Could you repeat the entries below exactly, but only from the line with "Group of young" through the line with "Το Διπλό Σμήνος", and without any picture?

(Provided information begins)

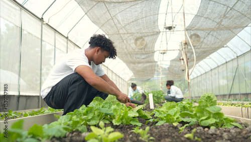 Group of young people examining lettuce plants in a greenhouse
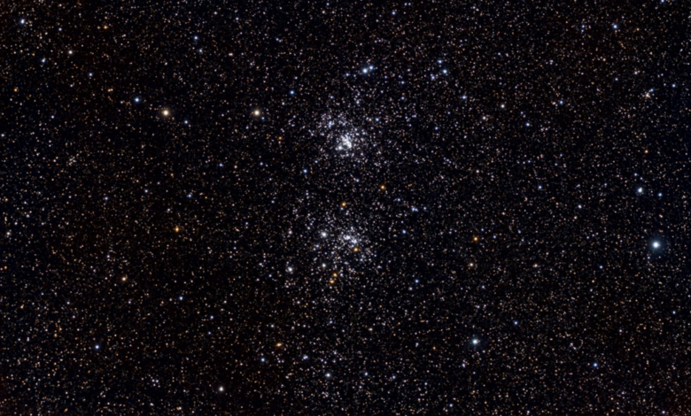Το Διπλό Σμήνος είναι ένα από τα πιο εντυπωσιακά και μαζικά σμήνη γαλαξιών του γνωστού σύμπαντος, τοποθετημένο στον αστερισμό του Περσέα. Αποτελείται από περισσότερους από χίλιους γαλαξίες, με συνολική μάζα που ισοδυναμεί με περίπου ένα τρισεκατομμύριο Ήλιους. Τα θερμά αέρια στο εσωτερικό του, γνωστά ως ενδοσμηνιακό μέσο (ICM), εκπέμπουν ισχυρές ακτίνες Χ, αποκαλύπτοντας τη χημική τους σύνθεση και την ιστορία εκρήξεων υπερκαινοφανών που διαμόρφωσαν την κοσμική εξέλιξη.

(Provided information ends)
(Provided information begins)

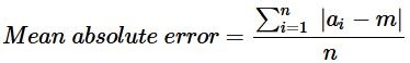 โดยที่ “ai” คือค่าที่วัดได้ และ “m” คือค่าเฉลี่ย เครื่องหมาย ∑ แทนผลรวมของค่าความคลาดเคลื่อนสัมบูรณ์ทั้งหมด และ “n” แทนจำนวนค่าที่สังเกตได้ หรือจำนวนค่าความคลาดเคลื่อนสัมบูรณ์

(Provided information ends)

Solution for this exercise
 Group of young people examining lettuce plants in a greenhouse
Το Διπλό Σμήνος είναι ένα από τα πιο εντυπωσιακά και μαζικά σμήνη γαλαξιών του γνωστού σύμπαντος, τοποθετημένο στον αστερισμό του Περσέα. Αποτελείται από περισσότερους από χίλιους γαλαξίες, με συνολική μάζα που ισοδυναμεί με περίπου ένα τρισεκατομμύριο Ήλιους. Τα θερμά αέρια στο εσωτερικό του, γνωστά ως ενδοσμηνιακό μέσο (ICM), εκπέμπουν ισχυρές ακτίνες Χ, αποκαλύπτοντας τη χημική τους σύνθεση και την ιστορία εκρήξεων υπερκαινοφανών που διαμόρφωσαν την κοσμική εξέλιξη.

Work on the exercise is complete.